Aort darlığı 3 şekilde olabilir; kapağın altında, kapak seviyesinde ve kapağın üstünde erişkinde büyük oranda kapağa bağlıdır. Aort kapağına bağlı darlık ikiye ayrılır; romatizmal ve romatizma dışı.
Romatizmal Aort darlığı batı ülkelerinde hastaların %30-40 oluştururken bizim ülkemizde bu oran daha yüksektir. Romatizmaya bağlı olarak aort kapağı kalınlaşma, enflemasyon gösterir ve zaman içerisinde kapak bozularak normalde hareketli olan üç yaprakçığı birbirine yapışır ve kalsifikasyon (kireçlenme) oluşarak bir taş parçasına benzer hale gelmektedir. Romatizmal aort darlığı sıklıkla mitral kalp kapağını da hastalandırmakta, ancak klinik önemi değişik şekillerde olabilir.
Romatizma dışı aort darlığı ise iki şekildedir; ‘Doğuştan’ ve ‘Dejeneretif’ olmaktadır. Doğuştan olan aort stenozu daha sıktır. Biküspit aort stenozu en sık görülendir. Normalde aort kapağı 3 yaprakçıklı iken bunlarda aort kapağı 2 yaprakçıklıdır. Toplumdaki her 100 kişiden 1 veya 2’sinde aort kapağı biküspid olarak doğmaktadır. Bu biküspid kapaklar zaman içerisinde bozulabilir veya tamamen normal bir seyir gösterebilir. Bu kapağın bozulması ile aort darlığı, aort yetmezliği (kaçağı) veya her ikisi (darlık ve kaçak) oluşabilir. Bazen bu kapak zemininde endokardit dediğimiz kalp kapağında mikrobik enfeksiyon tablosu oluşabilir. Doğumsal biküspit kapağın kireçlenmesi ile kalsifik aort darlığı oluşur. Kireçlenmenin ilerlemesi ile belirgin aort darlığı oluşması genellikle 50 ve 60’lı yaşları bulur. Dejeneratif tip aort darlığı ise aynı zamanda atheriosklerotik, idiopatik kalsifik ve senil olarak da isimlendirilir. Normal üç yapraklı kapak vardır. Kireçlenme atheroskleroza (damar sertliğine) bağlı olarak gelişir. Belirgin aort darlığı 60-70 ve 80’li yaşlarda gelişir.

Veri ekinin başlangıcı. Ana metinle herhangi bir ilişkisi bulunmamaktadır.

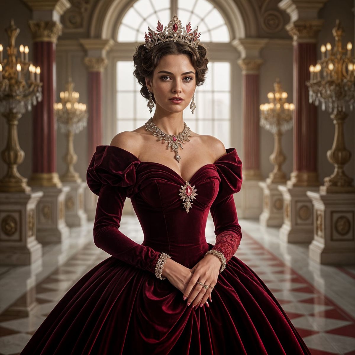 This hyperrealistic image showcases a stunning woman, the Crimson Queen, adorned in an intricate dress and jewelry, set against a detailed backdrop.
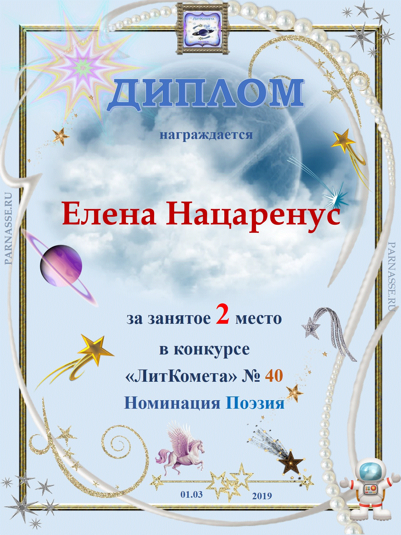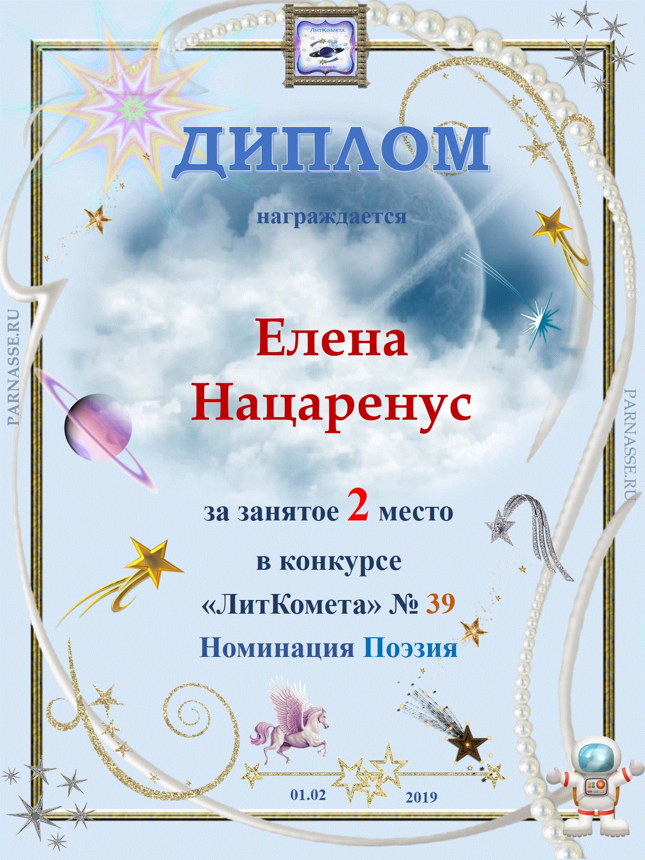 Поздравляю с занятым 2 местом в конкурсе “Литературная Комета – Полёт № 45» - Номинация Поэзия
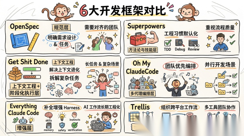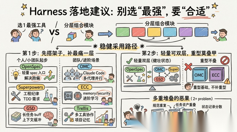 Harness 的定义相信大家也看得不少了,这里也就是稍微给一些还不清楚的朋友科普一下。今天我想讨论的,不是继续抽象地解释 Harness 是什么,而是更具体的问题:当市面上出现了 OpenSpec、GSD、OMC、ECC、Trellis、Superpowers 这些不同路线的工程化框架之后,我们到底该怎么理解它们、比较它们,并把它们搭成一套真正可用的体系?
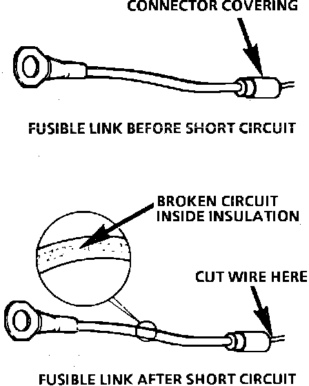 Not all fusible link open circuits can be detected by observation. Always inspect that there is battery voltage past the fusible link to verify continuity.
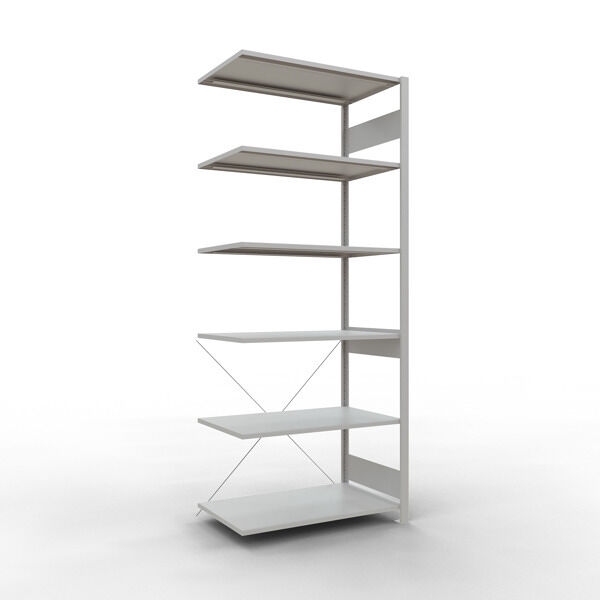 SCHULTE Lagertechnik Anbauregal, Eckregal (Feld C) 2500 x 1000 x 400, 6 Fachböden, Kreuzstrebe, RAL 7035 lichtgrau
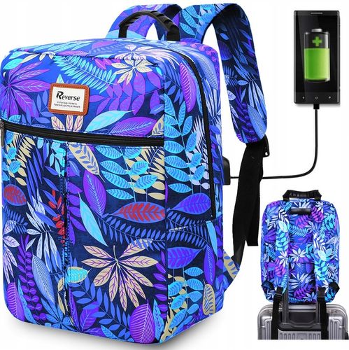Wbudowany port USB umożliwia podłączenie power banku dla wygodnego ładowania urządzeń w podróży. Elastyczny materiał pozwala na złożenie plecaka do kompaktowych rozmiarów podczas przechowywania. Specjalna obejma w tylnej części umożliwia montaż na walizce, ułatwiając poruszanie się po terminalu lotniska.

Normalde aort kapak alanı 2.5-3.5 m2’dir. Aort darlığında bu alan 1 cm2 altına indiğinde hastanın şikayetleri oluşmaya başlar. 0.7 cm2 altı ise kritik ve ciddidir. Aort darlığı ile kalp büyümektedir.
Kalp ritm bozuklukları, göğüs ağrısı, ani bayılma ve göz kararması oluşur. Hastalığın ilerlemesi ile ani ölüm oluşabilmektedir.Ekokardiografi ile kesin tanı ve kapaktaki darlığın düzeyi saptanır. Kateter ve anjiografi anjina olan olgularda ve 40 yaş yukarısında yapılmalıdır.
Özellikle küçük çocuklarda biküspit aort darlığında mümkünse kapak korunarak tamir edilir. Aort kapağının olduğu bölgenin çok dar olduğu vakalarda Ross/Konne Prosedürü olarak ifade edilen hastanın diğer kapağı (pulmoner kapak) sökülerek aort kapağı yerine genişletilerek takılır.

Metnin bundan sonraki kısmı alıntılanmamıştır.